EXERCISE DESCRIPTION
Go through the entries and copy every line that has the string "from" in it.

DATA EXTRACT

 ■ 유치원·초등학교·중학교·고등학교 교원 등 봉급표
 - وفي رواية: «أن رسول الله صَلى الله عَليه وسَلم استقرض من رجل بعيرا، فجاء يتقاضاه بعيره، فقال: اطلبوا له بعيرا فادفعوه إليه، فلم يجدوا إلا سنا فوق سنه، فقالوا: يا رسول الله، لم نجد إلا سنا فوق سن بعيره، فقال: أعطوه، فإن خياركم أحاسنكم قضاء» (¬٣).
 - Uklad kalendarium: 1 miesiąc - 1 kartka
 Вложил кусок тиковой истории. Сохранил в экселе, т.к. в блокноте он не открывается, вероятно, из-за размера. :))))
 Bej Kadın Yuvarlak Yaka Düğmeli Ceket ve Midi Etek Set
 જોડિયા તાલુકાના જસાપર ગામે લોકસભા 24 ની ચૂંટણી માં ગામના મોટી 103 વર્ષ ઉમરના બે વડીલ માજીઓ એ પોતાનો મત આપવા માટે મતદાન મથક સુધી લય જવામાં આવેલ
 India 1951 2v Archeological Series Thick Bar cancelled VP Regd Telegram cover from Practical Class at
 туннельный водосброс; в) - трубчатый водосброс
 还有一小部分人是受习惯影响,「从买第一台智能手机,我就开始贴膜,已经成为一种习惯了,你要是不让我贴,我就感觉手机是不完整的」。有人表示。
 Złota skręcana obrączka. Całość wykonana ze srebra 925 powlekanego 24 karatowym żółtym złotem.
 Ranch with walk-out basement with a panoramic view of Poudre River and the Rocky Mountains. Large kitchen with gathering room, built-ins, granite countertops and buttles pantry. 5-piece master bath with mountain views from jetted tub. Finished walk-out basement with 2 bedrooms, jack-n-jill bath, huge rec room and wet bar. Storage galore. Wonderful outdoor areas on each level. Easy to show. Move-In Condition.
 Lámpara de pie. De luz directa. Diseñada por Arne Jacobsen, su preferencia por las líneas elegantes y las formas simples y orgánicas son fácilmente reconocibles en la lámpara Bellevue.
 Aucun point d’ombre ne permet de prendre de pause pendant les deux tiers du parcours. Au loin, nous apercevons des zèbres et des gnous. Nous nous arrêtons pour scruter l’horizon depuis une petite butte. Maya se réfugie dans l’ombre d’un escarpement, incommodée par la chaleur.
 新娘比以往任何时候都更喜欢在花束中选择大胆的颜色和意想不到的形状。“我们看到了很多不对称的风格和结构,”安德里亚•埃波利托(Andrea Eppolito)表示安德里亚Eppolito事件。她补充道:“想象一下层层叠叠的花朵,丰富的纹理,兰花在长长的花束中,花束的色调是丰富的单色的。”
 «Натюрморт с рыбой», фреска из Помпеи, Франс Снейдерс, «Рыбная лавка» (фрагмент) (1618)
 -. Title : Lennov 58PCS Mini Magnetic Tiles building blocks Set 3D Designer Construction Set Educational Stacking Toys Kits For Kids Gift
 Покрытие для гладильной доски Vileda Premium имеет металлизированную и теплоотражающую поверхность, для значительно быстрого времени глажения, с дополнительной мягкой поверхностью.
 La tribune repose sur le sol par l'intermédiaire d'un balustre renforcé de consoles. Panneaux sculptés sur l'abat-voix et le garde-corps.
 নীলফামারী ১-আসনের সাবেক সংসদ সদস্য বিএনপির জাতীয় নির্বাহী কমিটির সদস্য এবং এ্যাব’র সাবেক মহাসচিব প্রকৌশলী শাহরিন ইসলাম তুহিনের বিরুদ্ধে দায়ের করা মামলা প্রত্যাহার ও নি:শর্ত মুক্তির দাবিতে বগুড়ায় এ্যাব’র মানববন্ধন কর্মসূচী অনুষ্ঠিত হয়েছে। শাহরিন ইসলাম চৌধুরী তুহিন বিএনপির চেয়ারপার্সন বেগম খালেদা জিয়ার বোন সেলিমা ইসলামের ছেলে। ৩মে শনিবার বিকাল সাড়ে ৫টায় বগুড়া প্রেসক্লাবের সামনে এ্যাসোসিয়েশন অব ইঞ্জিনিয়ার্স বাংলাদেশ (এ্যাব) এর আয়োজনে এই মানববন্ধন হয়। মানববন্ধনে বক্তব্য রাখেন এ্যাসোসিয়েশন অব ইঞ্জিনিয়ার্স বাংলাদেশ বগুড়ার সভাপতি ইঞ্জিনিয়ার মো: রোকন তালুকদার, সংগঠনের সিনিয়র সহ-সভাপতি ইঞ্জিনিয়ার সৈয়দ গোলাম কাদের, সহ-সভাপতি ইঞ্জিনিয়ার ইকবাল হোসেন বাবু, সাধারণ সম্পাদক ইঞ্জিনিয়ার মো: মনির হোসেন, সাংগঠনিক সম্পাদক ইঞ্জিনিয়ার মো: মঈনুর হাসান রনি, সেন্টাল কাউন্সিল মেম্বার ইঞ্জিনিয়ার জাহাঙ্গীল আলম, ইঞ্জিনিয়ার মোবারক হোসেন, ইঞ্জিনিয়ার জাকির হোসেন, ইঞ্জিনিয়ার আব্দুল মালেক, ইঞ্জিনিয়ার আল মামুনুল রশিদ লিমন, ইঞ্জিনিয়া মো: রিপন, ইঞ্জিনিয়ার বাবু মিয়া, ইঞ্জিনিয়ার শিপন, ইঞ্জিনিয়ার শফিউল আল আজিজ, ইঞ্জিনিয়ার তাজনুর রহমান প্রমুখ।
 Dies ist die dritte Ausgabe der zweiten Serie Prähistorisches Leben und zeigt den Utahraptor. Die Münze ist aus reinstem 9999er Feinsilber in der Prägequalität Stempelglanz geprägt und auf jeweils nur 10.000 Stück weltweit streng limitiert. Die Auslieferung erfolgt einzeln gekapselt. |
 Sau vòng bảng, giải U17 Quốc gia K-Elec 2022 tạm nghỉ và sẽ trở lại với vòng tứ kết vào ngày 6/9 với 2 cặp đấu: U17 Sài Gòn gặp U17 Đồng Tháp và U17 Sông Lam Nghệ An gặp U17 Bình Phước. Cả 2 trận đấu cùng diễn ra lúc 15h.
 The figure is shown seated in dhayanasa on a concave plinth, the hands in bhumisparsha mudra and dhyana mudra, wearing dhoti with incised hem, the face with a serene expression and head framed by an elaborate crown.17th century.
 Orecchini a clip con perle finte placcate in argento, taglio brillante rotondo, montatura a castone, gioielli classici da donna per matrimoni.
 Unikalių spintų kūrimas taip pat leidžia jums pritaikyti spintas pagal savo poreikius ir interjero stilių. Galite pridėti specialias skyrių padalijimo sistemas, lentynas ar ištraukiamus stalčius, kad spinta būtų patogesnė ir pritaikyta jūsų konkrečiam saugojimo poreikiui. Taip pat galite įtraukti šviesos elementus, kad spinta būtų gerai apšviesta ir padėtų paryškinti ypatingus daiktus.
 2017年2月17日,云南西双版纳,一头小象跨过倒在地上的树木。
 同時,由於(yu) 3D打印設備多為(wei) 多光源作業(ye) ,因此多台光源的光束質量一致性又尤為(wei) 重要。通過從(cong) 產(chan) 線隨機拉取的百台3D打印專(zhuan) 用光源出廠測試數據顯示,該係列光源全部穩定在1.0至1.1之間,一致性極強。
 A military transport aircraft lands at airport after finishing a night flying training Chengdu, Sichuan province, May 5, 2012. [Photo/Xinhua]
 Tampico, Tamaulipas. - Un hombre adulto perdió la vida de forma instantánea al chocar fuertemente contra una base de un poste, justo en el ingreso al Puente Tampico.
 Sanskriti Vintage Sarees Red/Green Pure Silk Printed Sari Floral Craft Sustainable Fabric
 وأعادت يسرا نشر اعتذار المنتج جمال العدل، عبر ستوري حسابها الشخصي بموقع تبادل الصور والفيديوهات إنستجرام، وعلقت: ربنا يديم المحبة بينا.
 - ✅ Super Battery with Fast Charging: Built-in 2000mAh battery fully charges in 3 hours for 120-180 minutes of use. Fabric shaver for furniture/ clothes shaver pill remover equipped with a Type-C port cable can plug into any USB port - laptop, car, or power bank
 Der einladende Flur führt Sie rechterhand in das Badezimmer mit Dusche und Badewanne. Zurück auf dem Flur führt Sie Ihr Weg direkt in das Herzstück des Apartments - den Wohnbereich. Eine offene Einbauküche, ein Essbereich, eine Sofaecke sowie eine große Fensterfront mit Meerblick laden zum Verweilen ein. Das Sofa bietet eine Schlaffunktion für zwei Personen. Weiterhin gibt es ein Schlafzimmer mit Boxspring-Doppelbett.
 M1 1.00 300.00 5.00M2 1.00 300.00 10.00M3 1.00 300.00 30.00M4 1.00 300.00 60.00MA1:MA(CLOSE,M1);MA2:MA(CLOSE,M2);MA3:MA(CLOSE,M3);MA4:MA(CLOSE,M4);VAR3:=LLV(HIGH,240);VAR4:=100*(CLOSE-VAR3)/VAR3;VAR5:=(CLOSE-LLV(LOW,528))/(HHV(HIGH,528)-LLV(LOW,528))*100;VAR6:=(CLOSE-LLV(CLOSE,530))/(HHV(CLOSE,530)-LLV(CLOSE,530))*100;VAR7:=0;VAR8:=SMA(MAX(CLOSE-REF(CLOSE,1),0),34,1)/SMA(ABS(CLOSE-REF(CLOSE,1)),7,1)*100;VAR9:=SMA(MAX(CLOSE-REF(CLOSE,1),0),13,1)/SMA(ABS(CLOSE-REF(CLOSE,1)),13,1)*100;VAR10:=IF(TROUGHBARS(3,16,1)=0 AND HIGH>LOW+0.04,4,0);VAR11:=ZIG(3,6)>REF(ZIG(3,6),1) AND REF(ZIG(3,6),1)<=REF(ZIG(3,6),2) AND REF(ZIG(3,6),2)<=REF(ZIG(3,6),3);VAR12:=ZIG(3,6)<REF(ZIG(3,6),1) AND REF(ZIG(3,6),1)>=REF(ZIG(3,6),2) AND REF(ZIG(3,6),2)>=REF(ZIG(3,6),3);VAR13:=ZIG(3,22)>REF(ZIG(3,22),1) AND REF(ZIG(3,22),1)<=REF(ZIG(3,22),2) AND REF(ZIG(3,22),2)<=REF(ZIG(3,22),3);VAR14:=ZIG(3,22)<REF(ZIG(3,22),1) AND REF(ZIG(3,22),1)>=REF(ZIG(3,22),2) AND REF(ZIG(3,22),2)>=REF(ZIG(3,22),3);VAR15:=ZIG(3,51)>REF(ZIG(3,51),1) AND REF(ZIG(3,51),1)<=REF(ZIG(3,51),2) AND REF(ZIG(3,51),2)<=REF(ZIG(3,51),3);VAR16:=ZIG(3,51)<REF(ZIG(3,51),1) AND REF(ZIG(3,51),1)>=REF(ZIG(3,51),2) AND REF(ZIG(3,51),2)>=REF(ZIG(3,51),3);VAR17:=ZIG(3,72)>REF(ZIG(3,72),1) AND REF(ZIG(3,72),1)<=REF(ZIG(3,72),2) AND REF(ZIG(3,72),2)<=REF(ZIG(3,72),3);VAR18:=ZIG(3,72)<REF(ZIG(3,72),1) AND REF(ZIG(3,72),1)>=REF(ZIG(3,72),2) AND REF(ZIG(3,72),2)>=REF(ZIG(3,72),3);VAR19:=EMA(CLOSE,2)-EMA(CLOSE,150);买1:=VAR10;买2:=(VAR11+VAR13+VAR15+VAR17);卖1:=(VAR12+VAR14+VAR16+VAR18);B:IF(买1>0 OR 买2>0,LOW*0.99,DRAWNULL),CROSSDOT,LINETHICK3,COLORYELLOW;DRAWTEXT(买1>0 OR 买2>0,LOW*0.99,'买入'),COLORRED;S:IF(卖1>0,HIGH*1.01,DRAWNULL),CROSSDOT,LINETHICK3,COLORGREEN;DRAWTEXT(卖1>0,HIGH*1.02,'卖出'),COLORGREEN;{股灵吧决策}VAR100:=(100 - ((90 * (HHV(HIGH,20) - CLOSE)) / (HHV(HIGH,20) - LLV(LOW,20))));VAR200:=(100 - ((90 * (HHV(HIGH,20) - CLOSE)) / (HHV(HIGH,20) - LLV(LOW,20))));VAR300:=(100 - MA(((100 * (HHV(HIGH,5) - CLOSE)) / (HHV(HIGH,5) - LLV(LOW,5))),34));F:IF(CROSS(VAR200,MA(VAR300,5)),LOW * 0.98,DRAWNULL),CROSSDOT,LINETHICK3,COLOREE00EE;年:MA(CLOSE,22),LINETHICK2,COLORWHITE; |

OUTPUT OF THE EXERCISE
 India 1951 2v Archeological Series Thick Bar cancelled VP Regd Telegram cover from Practical Class at
 Ranch with walk-out basement with a panoramic view of Poudre River and the Rocky Mountains. Large kitchen with gathering room, built-ins, granite countertops and buttles pantry. 5-piece master bath with mountain views from jetted tub. Finished walk-out basement with 2 bedrooms, jack-n-jill bath, huge rec room and wet bar. Storage galore. Wonderful outdoor areas on each level. Easy to show. Move-In Condition.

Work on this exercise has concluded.